Saved entries
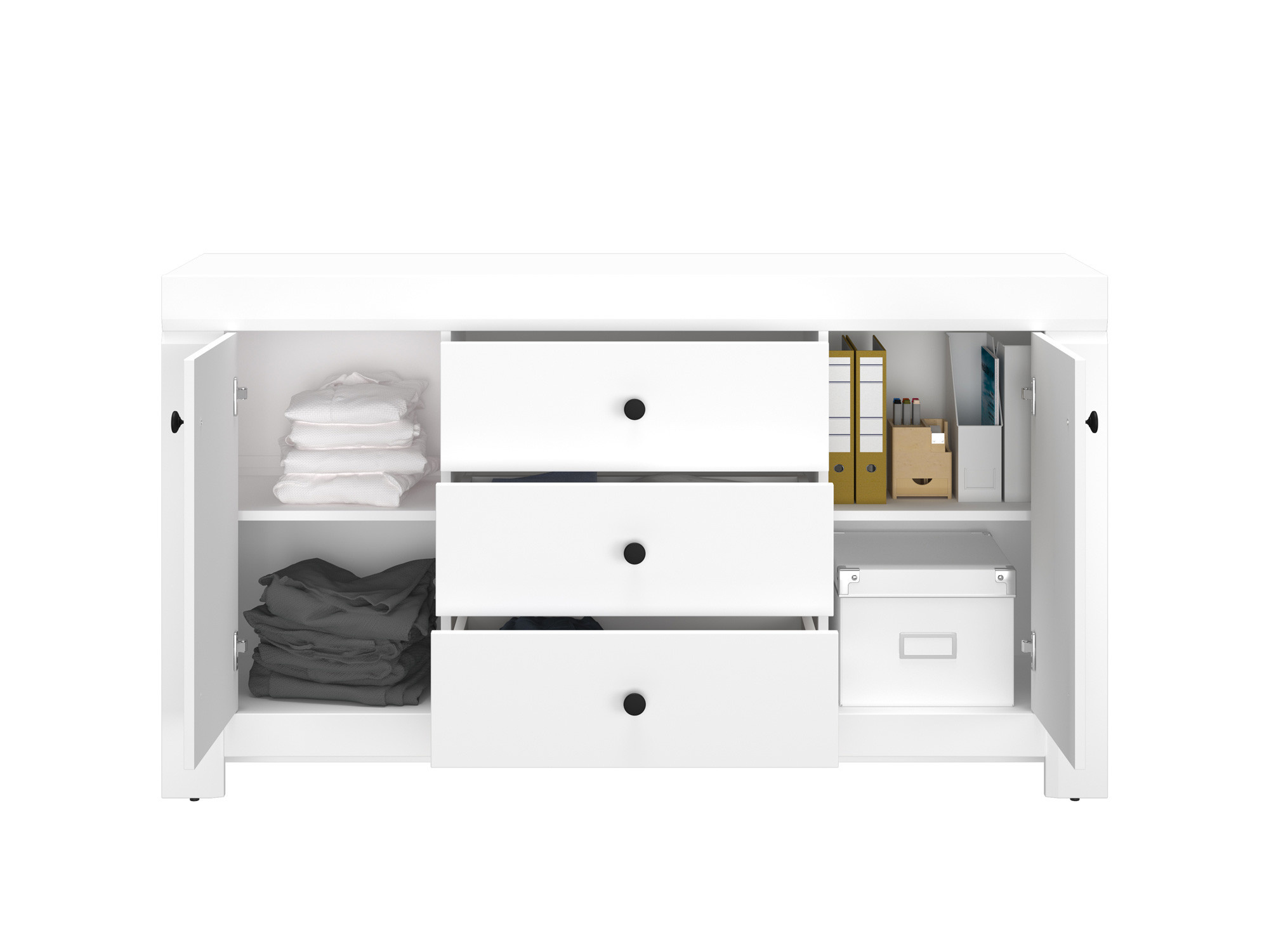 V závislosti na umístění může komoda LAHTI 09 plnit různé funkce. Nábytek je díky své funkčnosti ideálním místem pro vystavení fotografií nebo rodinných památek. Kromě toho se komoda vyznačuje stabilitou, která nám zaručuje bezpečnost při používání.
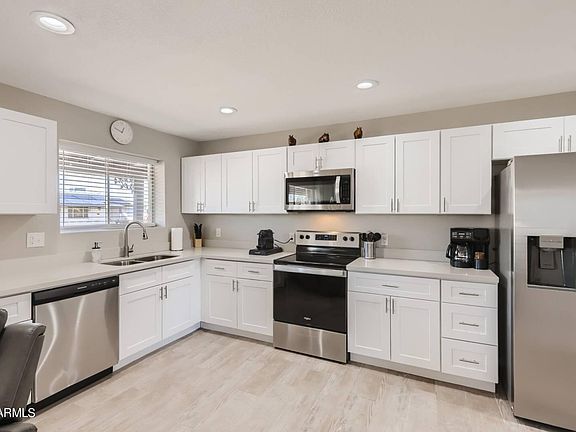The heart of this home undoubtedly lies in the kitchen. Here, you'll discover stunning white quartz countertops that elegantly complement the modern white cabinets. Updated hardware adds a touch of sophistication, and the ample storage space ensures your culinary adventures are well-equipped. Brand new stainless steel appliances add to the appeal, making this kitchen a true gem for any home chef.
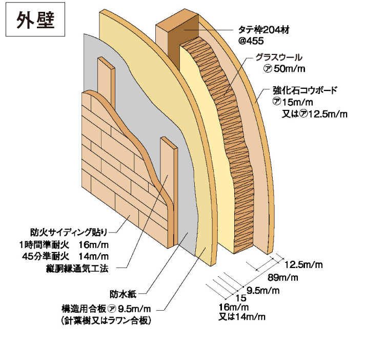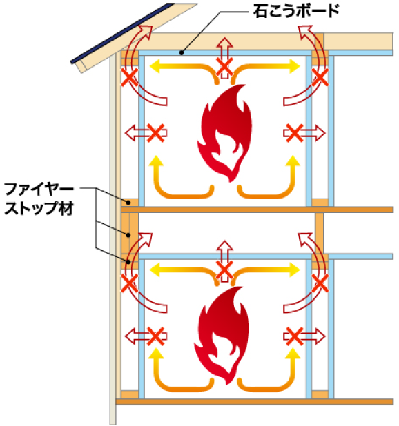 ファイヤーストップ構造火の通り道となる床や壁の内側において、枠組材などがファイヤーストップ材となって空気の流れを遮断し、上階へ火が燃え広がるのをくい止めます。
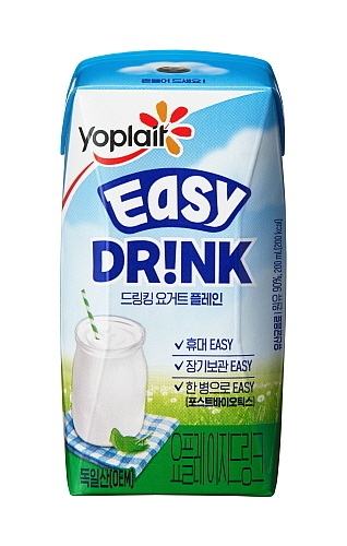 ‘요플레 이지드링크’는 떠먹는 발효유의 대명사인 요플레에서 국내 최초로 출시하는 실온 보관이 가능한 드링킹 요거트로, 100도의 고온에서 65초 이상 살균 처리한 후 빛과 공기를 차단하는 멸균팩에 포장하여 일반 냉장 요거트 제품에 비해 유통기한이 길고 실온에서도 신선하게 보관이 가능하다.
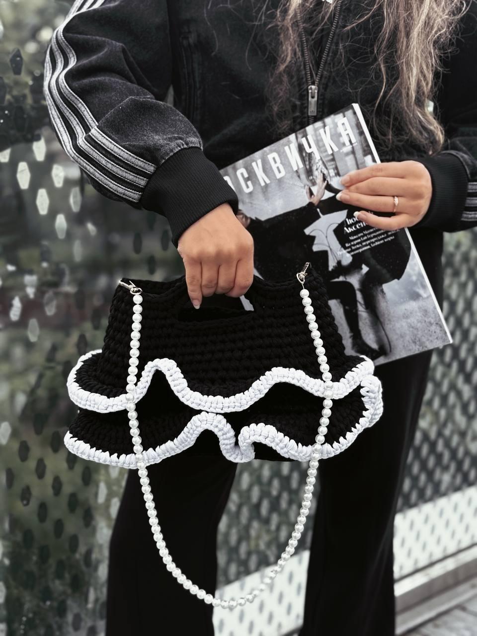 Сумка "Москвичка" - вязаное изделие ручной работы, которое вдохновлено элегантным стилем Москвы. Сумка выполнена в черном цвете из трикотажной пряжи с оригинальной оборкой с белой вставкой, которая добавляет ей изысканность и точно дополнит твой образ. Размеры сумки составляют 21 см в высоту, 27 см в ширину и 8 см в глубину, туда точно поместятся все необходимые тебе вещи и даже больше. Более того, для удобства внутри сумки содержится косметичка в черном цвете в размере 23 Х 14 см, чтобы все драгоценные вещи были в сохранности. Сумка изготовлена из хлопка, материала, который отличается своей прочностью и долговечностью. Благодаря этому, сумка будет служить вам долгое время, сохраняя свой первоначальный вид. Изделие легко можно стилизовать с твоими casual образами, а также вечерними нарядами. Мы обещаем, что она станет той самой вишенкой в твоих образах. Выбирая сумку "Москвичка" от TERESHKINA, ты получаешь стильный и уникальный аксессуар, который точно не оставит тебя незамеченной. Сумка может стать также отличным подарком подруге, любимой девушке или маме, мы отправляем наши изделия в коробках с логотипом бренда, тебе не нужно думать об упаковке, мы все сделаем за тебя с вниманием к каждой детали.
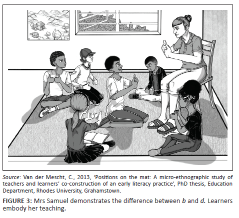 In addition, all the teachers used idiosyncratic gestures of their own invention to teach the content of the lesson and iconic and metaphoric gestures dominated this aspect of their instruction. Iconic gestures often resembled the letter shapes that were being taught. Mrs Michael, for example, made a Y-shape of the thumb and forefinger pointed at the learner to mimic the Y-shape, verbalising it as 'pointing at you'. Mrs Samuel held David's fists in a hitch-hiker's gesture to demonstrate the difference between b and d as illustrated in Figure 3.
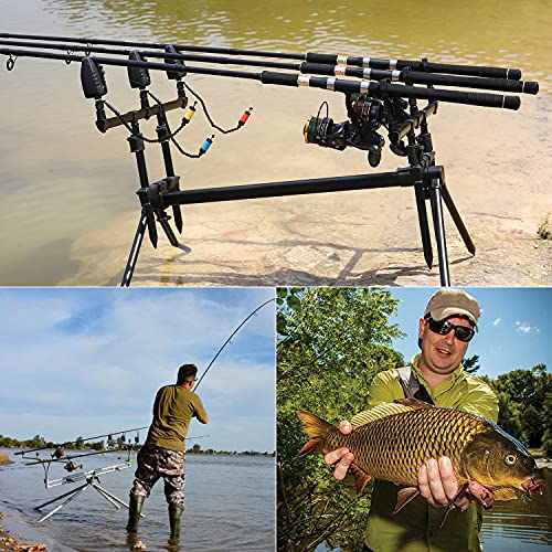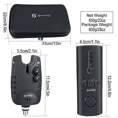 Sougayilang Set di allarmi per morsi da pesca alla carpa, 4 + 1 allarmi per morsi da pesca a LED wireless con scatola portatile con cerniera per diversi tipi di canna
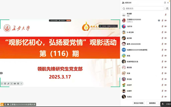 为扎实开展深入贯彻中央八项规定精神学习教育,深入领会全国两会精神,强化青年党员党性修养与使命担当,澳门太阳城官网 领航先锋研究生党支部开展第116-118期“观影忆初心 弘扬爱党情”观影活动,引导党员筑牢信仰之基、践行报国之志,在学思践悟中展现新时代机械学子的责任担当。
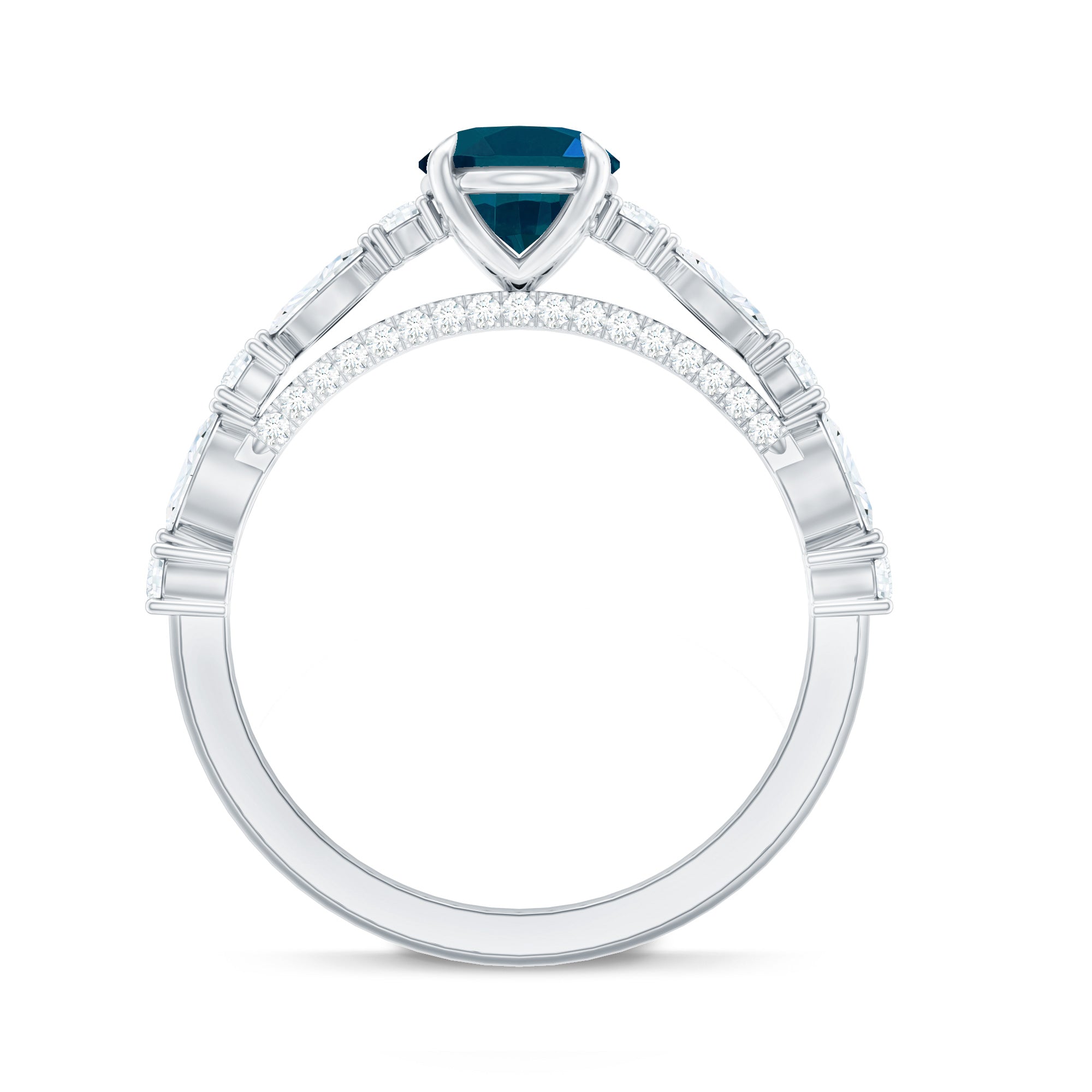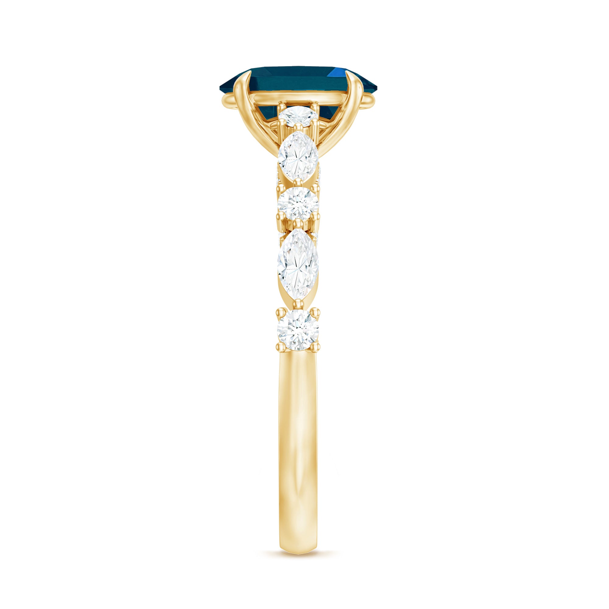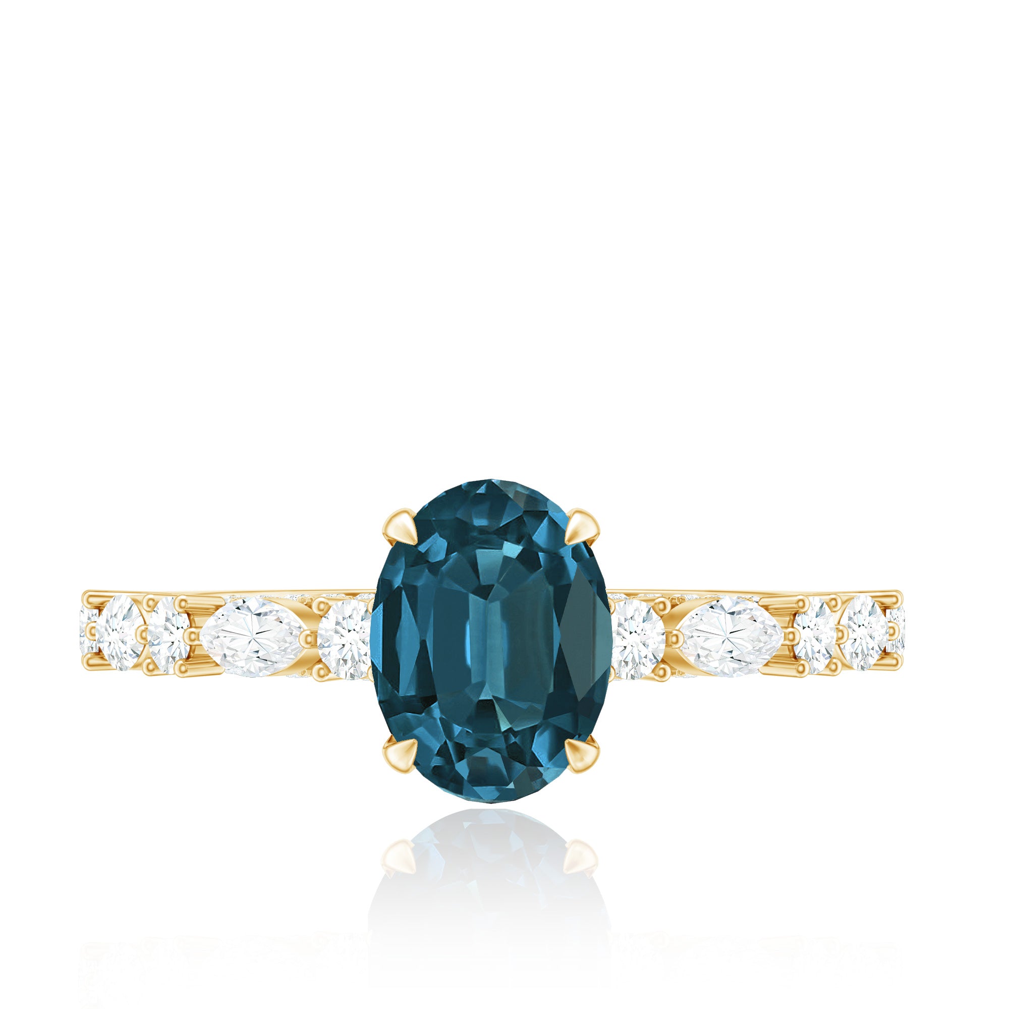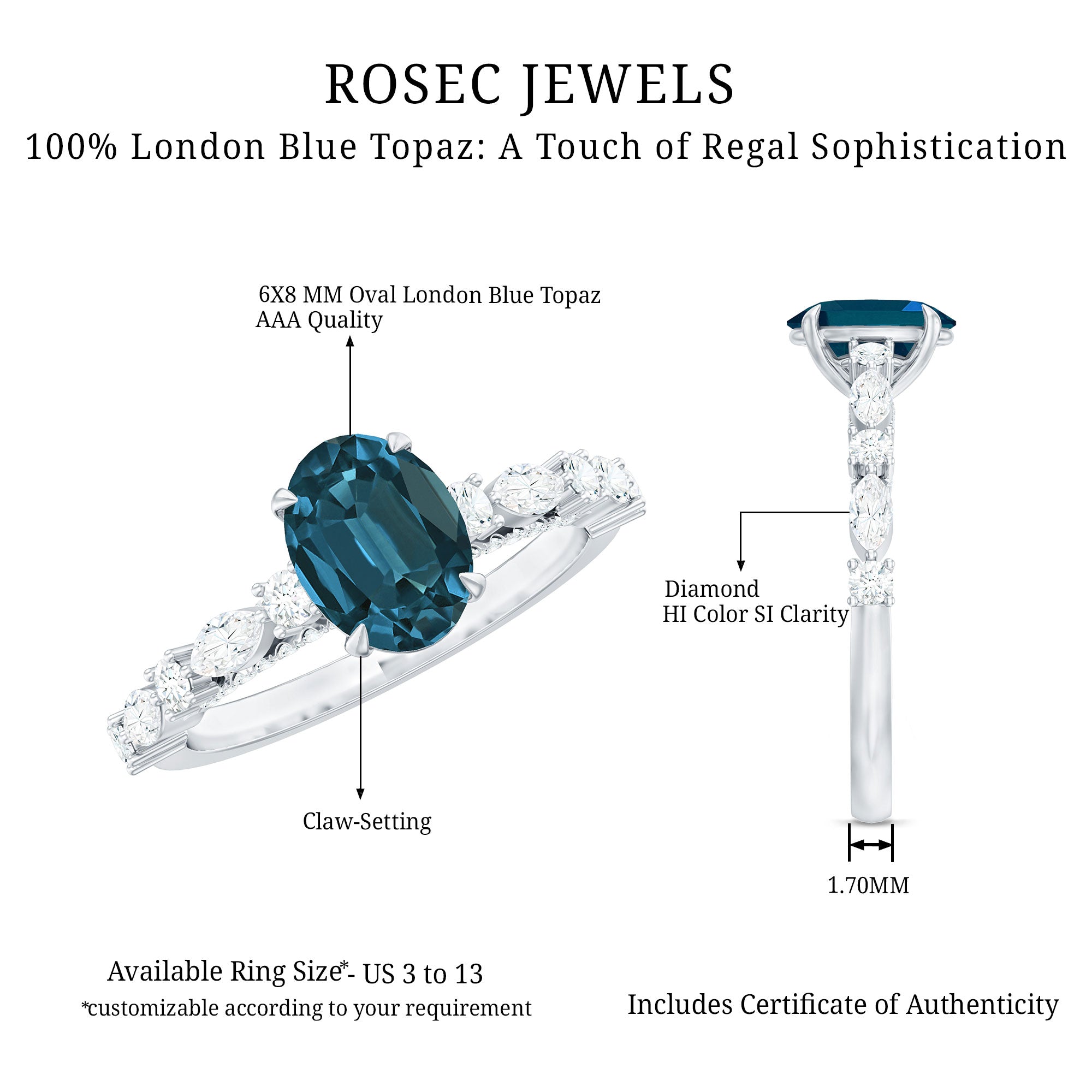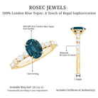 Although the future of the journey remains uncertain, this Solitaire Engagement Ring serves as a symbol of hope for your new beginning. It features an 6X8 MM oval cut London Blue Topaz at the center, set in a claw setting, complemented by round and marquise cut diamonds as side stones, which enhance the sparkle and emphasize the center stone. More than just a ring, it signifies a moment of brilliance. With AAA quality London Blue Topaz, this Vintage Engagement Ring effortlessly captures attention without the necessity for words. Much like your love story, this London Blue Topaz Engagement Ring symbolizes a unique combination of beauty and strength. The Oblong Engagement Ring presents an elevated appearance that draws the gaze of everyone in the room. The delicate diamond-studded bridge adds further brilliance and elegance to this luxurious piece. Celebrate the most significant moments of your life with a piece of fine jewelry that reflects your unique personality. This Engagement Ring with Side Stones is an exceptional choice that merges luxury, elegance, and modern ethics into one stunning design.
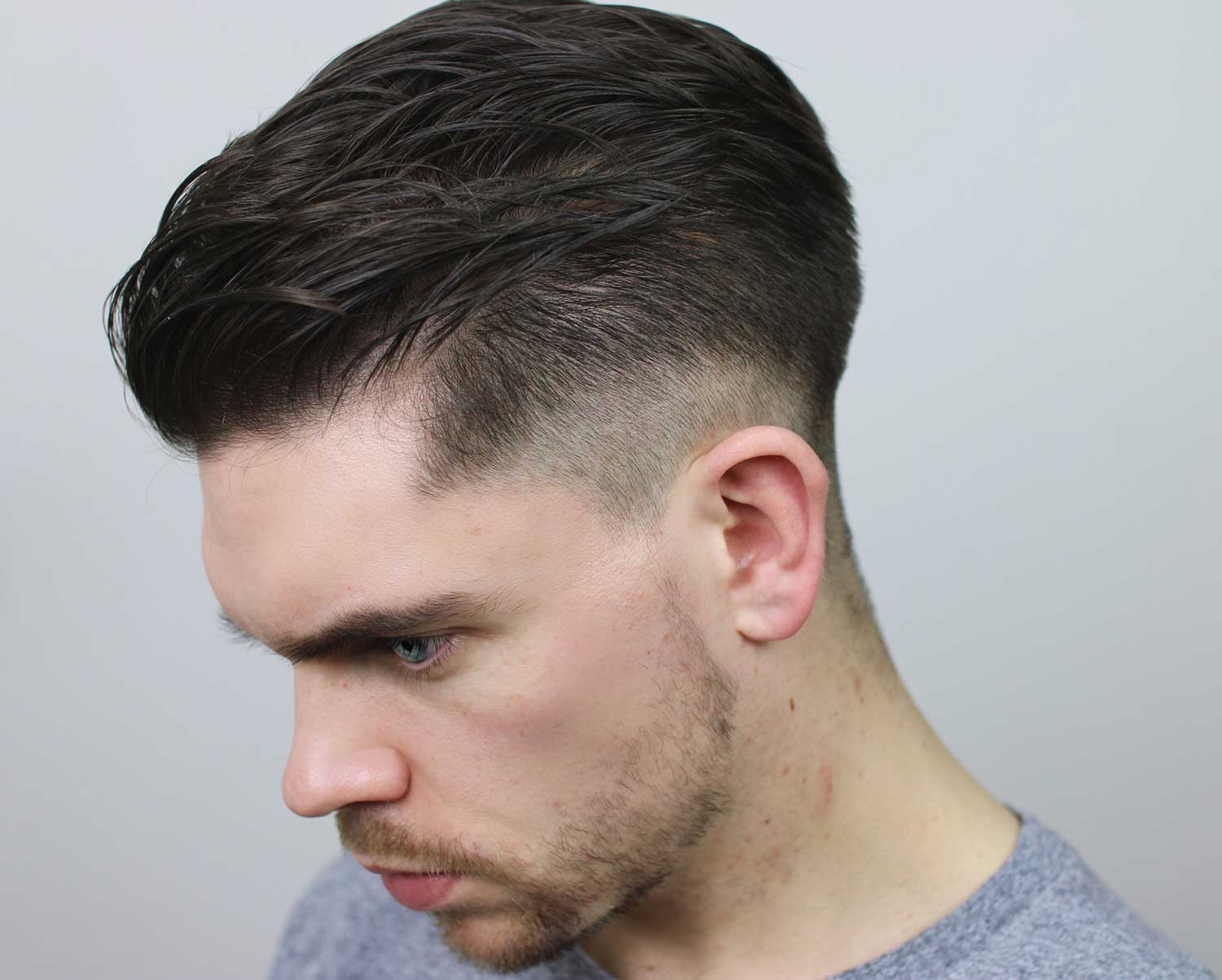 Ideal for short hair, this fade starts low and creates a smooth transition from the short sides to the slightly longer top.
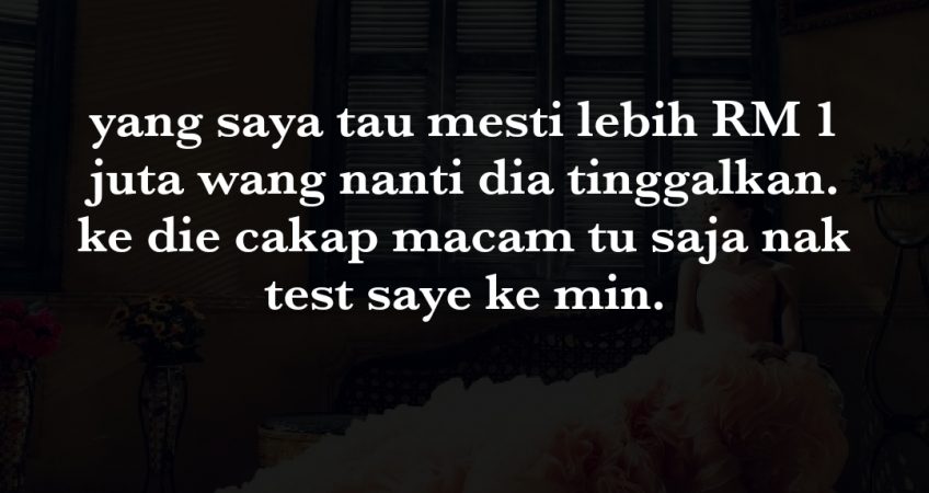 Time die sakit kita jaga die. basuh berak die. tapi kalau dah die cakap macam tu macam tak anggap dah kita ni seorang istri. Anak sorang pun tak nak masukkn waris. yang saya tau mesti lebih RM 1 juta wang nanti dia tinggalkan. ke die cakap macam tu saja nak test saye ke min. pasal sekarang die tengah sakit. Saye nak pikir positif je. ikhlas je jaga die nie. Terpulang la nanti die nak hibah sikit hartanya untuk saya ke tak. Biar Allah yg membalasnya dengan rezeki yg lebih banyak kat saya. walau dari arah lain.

__Assignment__: Print only the lines from the first line of the data above through the one containing "신선하게 보관이 가능하다.", exactly as they are, with pictures omitted.

__Solution to this exercise__:
 V závislosti na umístění může komoda LAHTI 09 plnit různé funkce. Nábytek je díky své funkčnosti ideálním místem pro vystavení fotografií nebo rodinných památek. Kromě toho se komoda vyznačuje stabilitou, která nám zaručuje bezpečnost při používání.
The heart of this home undoubtedly lies in the kitchen. Here, you'll discover stunning white quartz countertops that elegantly complement the modern white cabinets. Updated hardware adds a touch of sophistication, and the ample storage space ensures your culinary adventures are well-equipped. Brand new stainless steel appliances add to the appeal, making this kitchen a true gem for any home chef.
 ファイヤーストップ構造火の通り道となる床や壁の内側において、枠組材などがファイヤーストップ材となって空気の流れを遮断し、上階へ火が燃え広がるのをくい止めます。
 ‘요플레 이지드링크’는 떠먹는 발효유의 대명사인 요플레에서 국내 최초로 출시하는 실온 보관이 가능한 드링킹 요거트로, 100도의 고온에서 65초 이상 살균 처리한 후 빛과 공기를 차단하는 멸균팩에 포장하여 일반 냉장 요거트 제품에 비해 유통기한이 길고 실온에서도 신선하게 보관이 가능하다.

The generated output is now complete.